"En su profundidad vi que se encierra,
cosida con amor en un volumen,
todo lo que despliega el universo"
(Dante, Divina Comedia)
De dónde procede el aura. En los mejores momentos lo que nos atrae de la poesía es el efluvio indefinible que nos transporta. No del autor al que por un agradecimiento desmesurado le concedemos la misma cualidad de lo que produce, pues el autor no deja de ser un medio del que se vale el lenguaje para expresar lo que de esa forma todavía no había sido dicho. Decimos que se lo ha dictado la musa al oído pero en realidad no sabemos cómo hace la lengua para que el autor hable por ella, y de un modo único nos conmocione. Ese producto único de la expresividad de lo humano que nos emociona y conmueve -a veces hasta el horror- y que nos hace ver lo que tenemos ante los ojos como nunca antes lo habíamos visto, no es fruto del entendimiento y la razón sino de la sensibilidad más depurada. Si decimos que la musa lo pone en el oído del autor es porque nos parece impropio de los mecanismos comunes de la mente.

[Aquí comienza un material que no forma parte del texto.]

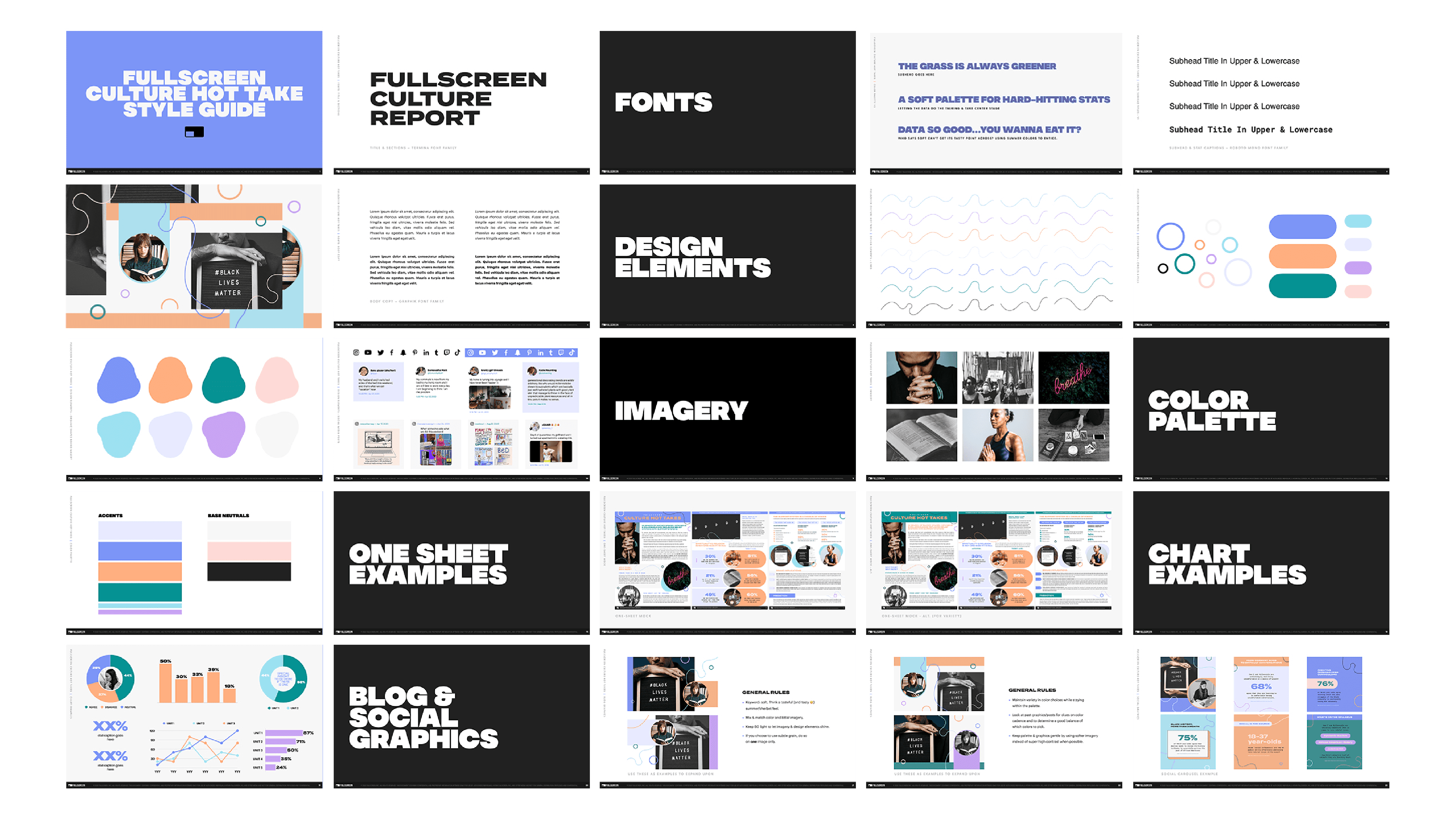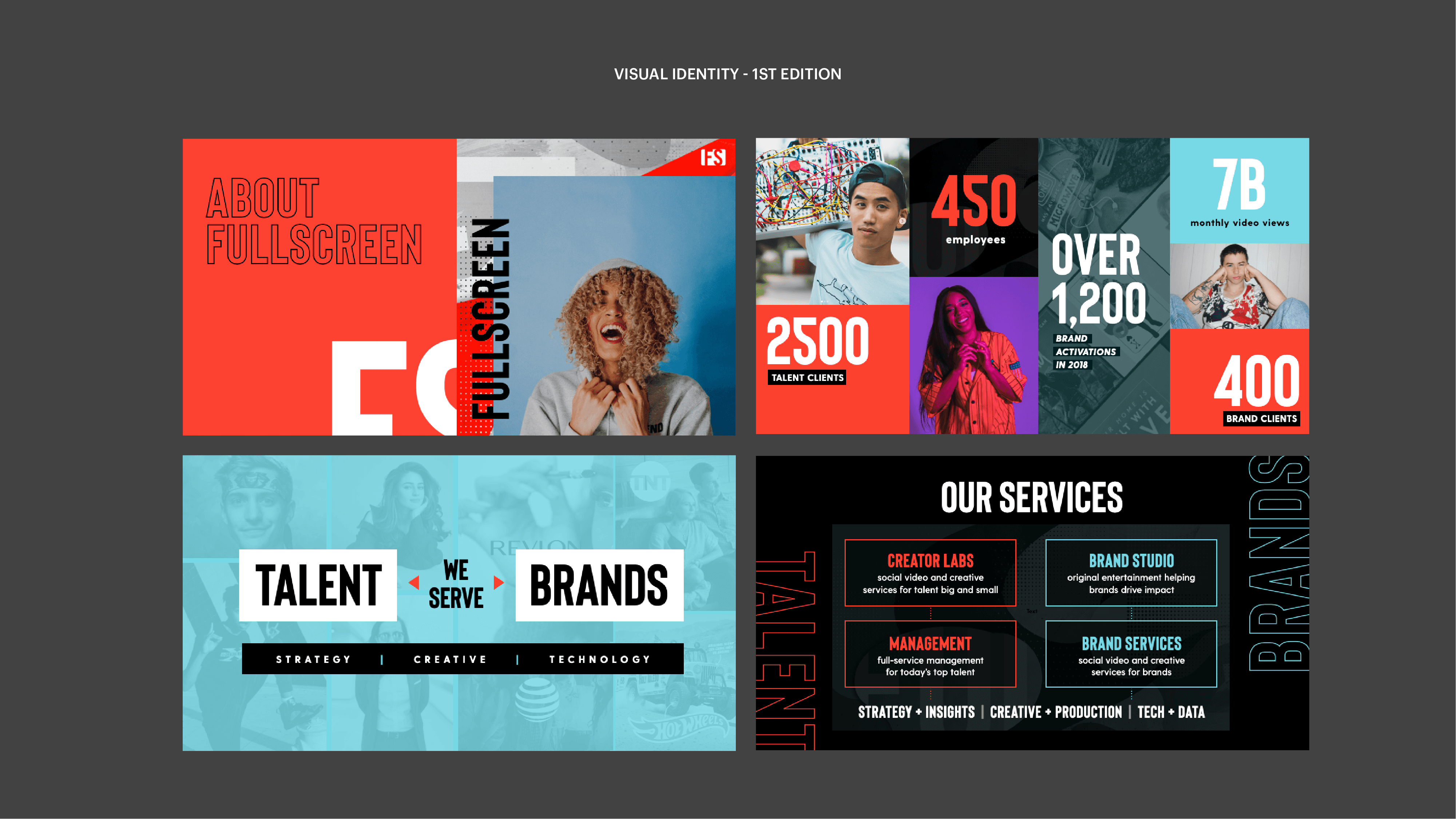 ✨ Fullscreen — Re-brand OVERVIEW A bold reimagining of Fullscreen’s visual identity—focused on building a more expressive, flexible system that reflects the brand’s creative culture and creator-led ecosystem. THE APPROACH We explored an open, adaptable identity system that moves beyond rigid brand constraints in favor of expressive visuals, confident typography, and culturally resonant design. The direction was intentionally dynamic, enabling the brand to evolve fluidly across creators, platforms, and formats. THE SOLUTION A refreshed visual identity grounded in clarity, confidence, and cultural relevance—designed to feel energetic, modern, and deeply connected to the creator community. SCOPE • Native visual identity development • Visual language and style exploration • Refined identity system and brand applications • Social and digital visual frameworks • Rebranded cultural report and style guide
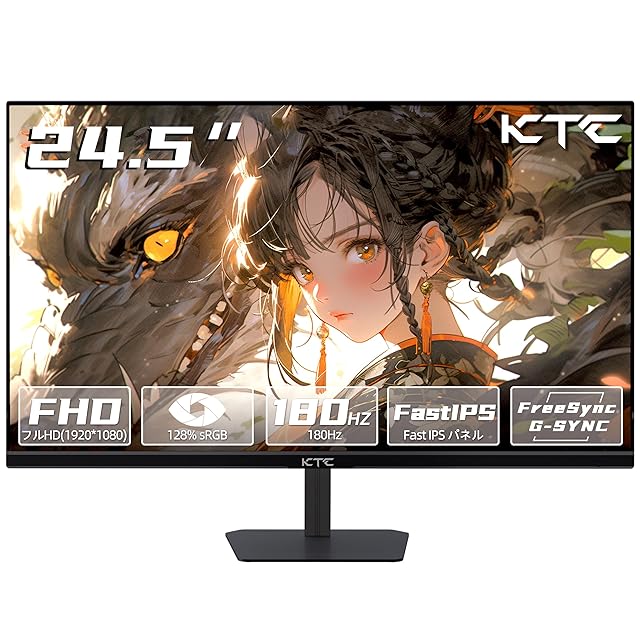 KTC 24.5インチゲーミングモニター Fast IPSパネル フルHD 1080P 非光沢ディスプレイ (180Hz, HDMI 2.0, DP 1.4, 低ブルーライト, フリッカーフリー, Adaptive Sync対応) 三年付き H25T7 | TREND DESIGN 家電専門店
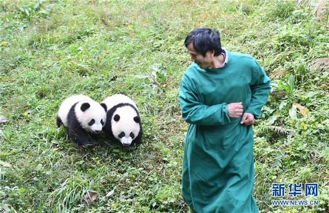 12月22日,飼養(yǎng)員引導大熊貓寶寶到戶外運動。當日,重慶動物園為4只大熊貓寶寶“雙雙”“重重”“喜喜”“慶慶”舉行半歲生日慶?;顒?。4只半歲大熊貓在飼養(yǎng)員的照料下,在熊貓館運動場內(nèi)玩耍、嬉戲,與市民游客一同過冬至。新華社記者唐奕攝
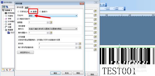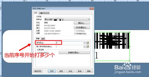 再点击【打印】按钮(或者按Ctrl+P快捷键)调出打印界面,点击【数目】——【序列号】,填写当前要打印的条码数目,

El aura pues que envuelve al poema que llega a la cumbre la extendemos impropiamente a la poesía, pues la poesía en sí no es más que un cajón de la taxonomía literaria, y más impropiamente, como digo, al autor, pues él mismo no sabe cómo lo ha producido y, aunque se esfuerce, raramente vuelve a producir otro que alcance una nueva cumbre. Y, ya puestos, más falsario es ofrecer a un escritor, aunque haya producido una obra notable, una consideración superior al resto de los hombres. Tiene eso que ver con la fama y las necesidades del mercado, también con la monótona y seriada vida del hombre común que compensa con mitificaciones infantiles.
Así sucede, por ejemplo, con J. D. Salinger a cuya mitología se dedica una película (My salinger Year). Salinger supo condensar en una breve historia los temores y angustias del adolescente que se asomaba a la edad adulta a principios de los cincuenta del siglo pasado, en El guardián entre el centeno, también la astucia de ocultarse a los mass media nacientes pues, qué mejor modo de atraer su atención que proclamar su disposición a hacerse invisible.
La película bebe del mito. Una chica de provincias, recién salida de una facultad de estudios literarios, llega a Nueva York, para pasar un año en la agencia que le lleva los papeles al escritor. Y lo cuenta. El guion es una versión del libro que la chica escribió (Joanna Rakoff). No hay nada más que eso. Un año, una pasante y el aura. La he visto con atención, por el aura. No parece que este sea un gran momento para que se extienda el aura literaria: masas arrastradas por un autor, ramos de flores y autógrafos, dedos temblorosas tocándolo, lágrimas. Las musas soplan donde quieren y no parece que ahora estén interesadas en la literatura. ¿Entonces? Esta película banal y acaramelada, llena de personajes abstraídos por el amor al autor, ni siquiera cumple con lo que podría haber sido, la sociología de los enfermos de literatura, que ni siquiera salva la presencia de una engurruñada Sigourney Weaver. ¿Entonces? Me ha absorbido la presencia de un poema vivo, Margaret Qualley, la actriz que hace de becaria. Margaret Qualley florece en la película. Representa ese momento en tránsito en que un chico o una chica se abre como un poema presentándose ante los demás como la belleza, el encanto, la seducción, listo o lista como cuando la flor le dice a la abeja ven y liba en mí, antes de ser del todo hombre o mujer. Ese momento lo representó quizá por primera vez Audrey Hepburn, aunque en la poesía es un tema antiguo. Pero quien mejor lo ha sabido captar en el cine ha sido Woody Allen que ha ido contratando para sus películas a actrices que estaban en ese momento de florecimiento. Me atrevería a decir que la mayor parte de sus películas son el intento de un Woody Allen enamorado de captar el instante de poesía en la mujer recién florecida. Pienso por ejemplo en Elle Fanning en A Rainy Day in New York o Scarlett Johansson en Match Point. My salinger Year es el intento del canadiense Philippe Falardeau de ser Woody Allen.